Estranhei ver tantos carros e carrinhas estacionados junto do pinhal, mas, depois de encostar o carro numa zona em que ele é-me sempre visível, descubro o porquê de tanta carripana.
Era a invasão anual dos apanhadores de cogumelos!
Num raio de 50 metros à minha volta, devia de haver uns 4 ou 5, além dos que via mais ao longe. Aquilo devia de ser um cogumelo para três apanhadores… E lá andava eu, um detectorista, no meio daquela gente… Havia cumprimentos aquando de aproximações, mas nada de efusivo. Eles esgravatavam os cogumelos, e eu cavava as moedas e outras coisas. Não me assediaram e eu não lhes liguei muito. Além do mais, nem sabia o número deles…
Ainda deitei o olho, a ver se via alguma moça gira para me concentrar mais naquela zona, mas não. Era tudo tipos carrancudos e senhoras idosas que, olhando para os pelos faciais, deviam de ser todas do tempo de D. Fernando…
Bem, trouxe duas moeditas de D. Sebastião e uns dinheiricos, o que já não foi muito mau, além de 1 Euro para o gasóleo. E também mais uma medalhinha, e um anel e um brinco de prata. E mais umas cangalhas…

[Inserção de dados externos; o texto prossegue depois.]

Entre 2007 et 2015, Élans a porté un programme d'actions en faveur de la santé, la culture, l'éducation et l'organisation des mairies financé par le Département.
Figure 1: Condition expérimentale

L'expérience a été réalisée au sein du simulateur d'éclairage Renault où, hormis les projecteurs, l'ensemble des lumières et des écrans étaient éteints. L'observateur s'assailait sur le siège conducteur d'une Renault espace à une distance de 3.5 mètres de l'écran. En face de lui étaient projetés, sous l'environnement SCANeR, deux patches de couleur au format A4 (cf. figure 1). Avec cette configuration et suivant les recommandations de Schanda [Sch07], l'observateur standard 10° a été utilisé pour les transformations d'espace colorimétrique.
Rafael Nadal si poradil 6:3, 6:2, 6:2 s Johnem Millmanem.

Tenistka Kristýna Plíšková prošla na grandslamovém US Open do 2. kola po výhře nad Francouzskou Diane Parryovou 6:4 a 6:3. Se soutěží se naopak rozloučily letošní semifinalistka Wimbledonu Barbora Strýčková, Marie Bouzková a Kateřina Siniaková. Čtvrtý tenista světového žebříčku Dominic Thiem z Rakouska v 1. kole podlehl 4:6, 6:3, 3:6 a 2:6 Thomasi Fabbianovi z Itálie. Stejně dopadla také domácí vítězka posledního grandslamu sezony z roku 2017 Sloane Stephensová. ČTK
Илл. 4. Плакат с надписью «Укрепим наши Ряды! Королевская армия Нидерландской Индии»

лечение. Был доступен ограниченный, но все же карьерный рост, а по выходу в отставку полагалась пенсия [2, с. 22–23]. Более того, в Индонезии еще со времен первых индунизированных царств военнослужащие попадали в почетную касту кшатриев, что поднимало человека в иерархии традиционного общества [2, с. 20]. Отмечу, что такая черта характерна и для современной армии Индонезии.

Saída 23Dez2017 – Sem grande disposição…
Lá fui desterrado para Rio Maior, mas como já me queixei no início deste texto, vou passar adiante…

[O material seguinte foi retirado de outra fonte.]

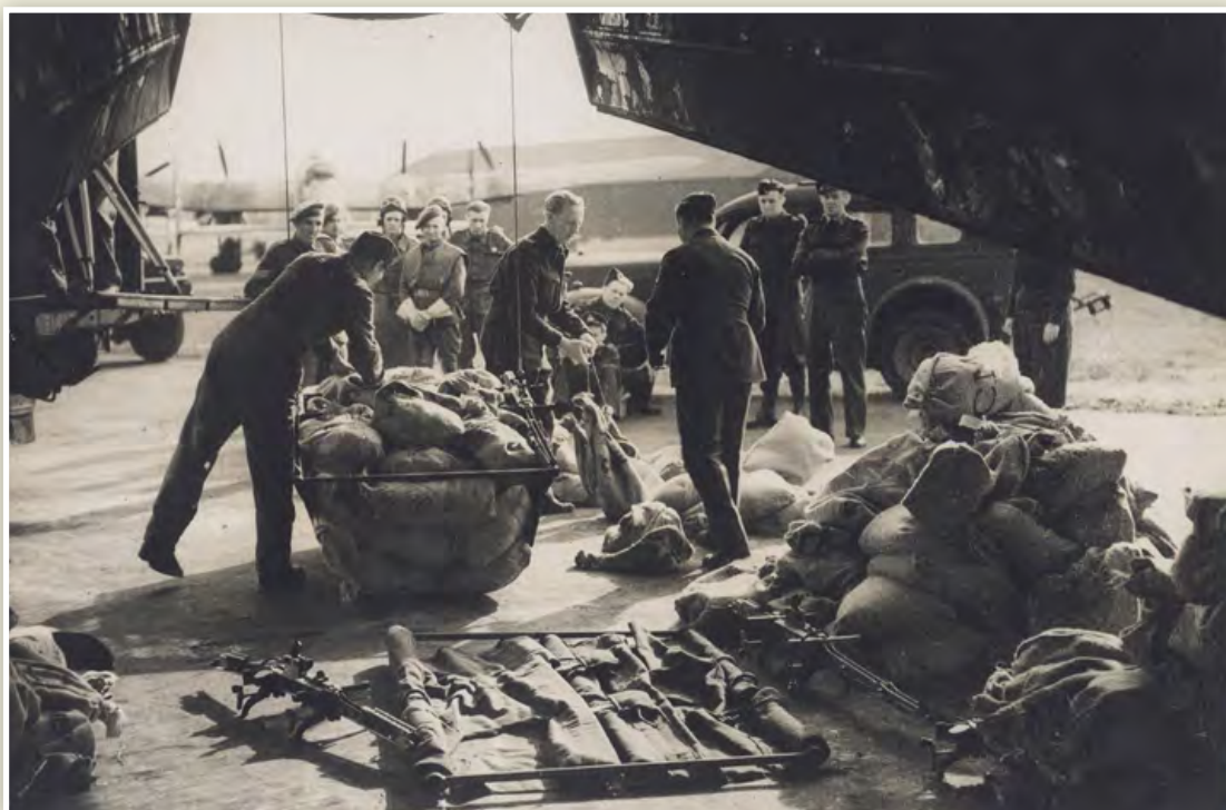
Op een Brits vliegveld wordt een Lancaster-bommenwerper geladen met voedsel

D oordat de geallieerden in het westen van Nederland geen militaire operaties ontplooiën, kunnen de Duitsers de bevolking daar onder de knoet houden en aanvoerlijnen afknijpen. 1 Een van de geallieerde plannen
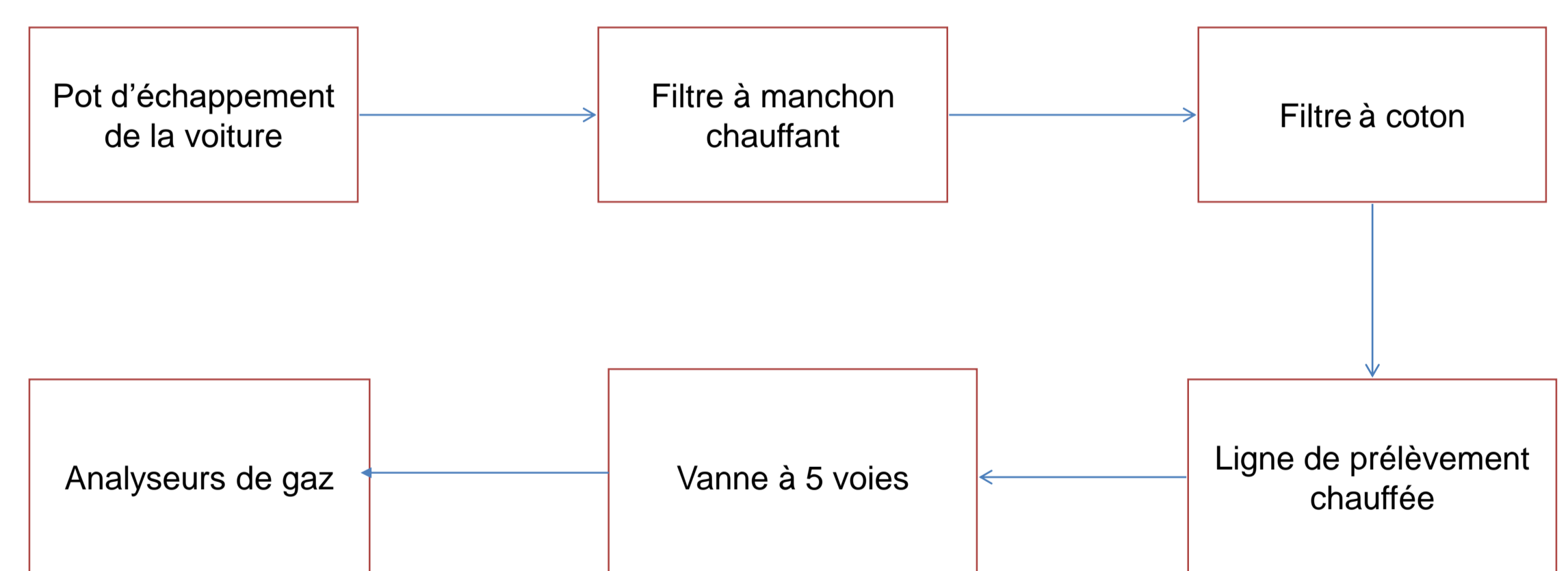
Schéma de prélèvement et d'analyse des gaz

Les émissions engendrées lors de l'utilisation des huiles végétales usagées comme carburant ou comme additif au diesel seront mesurées, sur un véhicule fourni par GECCO. Les gaz d'échappement seront échantillonnés grâce à une ligne de prélèvement chauffée munie de filtres, et analysés en ligne par différents analyseurs de gaz, ou par spectroscopie infrarouge à transformation de Fourier..., ou bien après prélèvement.

Eram umas 3 da tarde quando encostei o carro num caminho de cabras (se a minha senhora sabe…).
Como teria apenas cerca de 2 horas para descomprimir os neurónios, nada como meter mãos ao trabalho e detectar.
Ao passar por um vale, dois ceitís. Mas tão moídinhos que eles estão! Ali, a areia aparecia a coisa de quase 20 cm. Sobre isso, uma grossa camada de matéria vegetal bem compacta. Aquilo deve ser ácido para as moedas!
Mas numa das encostas, as coisas começaram a sair em melhor estado. Primeiro foi o Real Preto de D. Duarte, e logo de seguida, os dois Dinheiros. A saída foi curta, mas estas 3 fizeram que tivesse valido a pena, mesmo estando com aquilo que se chama de “humor de cão”.
E mais umas coisas, a meu ver, sem grande interesse. Estão na foto para dar a ideia de que me fartei de apanhar coisas e a mesma não parecer tão vazia… E mais um anel de prata.

[Frases do Quotidiano: “Bons dias, alegrias, alergias e outras patologias!” (É assim que cumprimento algumas pessoas…) ]
UM FELIZ NATAL PARA TODOS E UM BOM ANO NOVO!!!!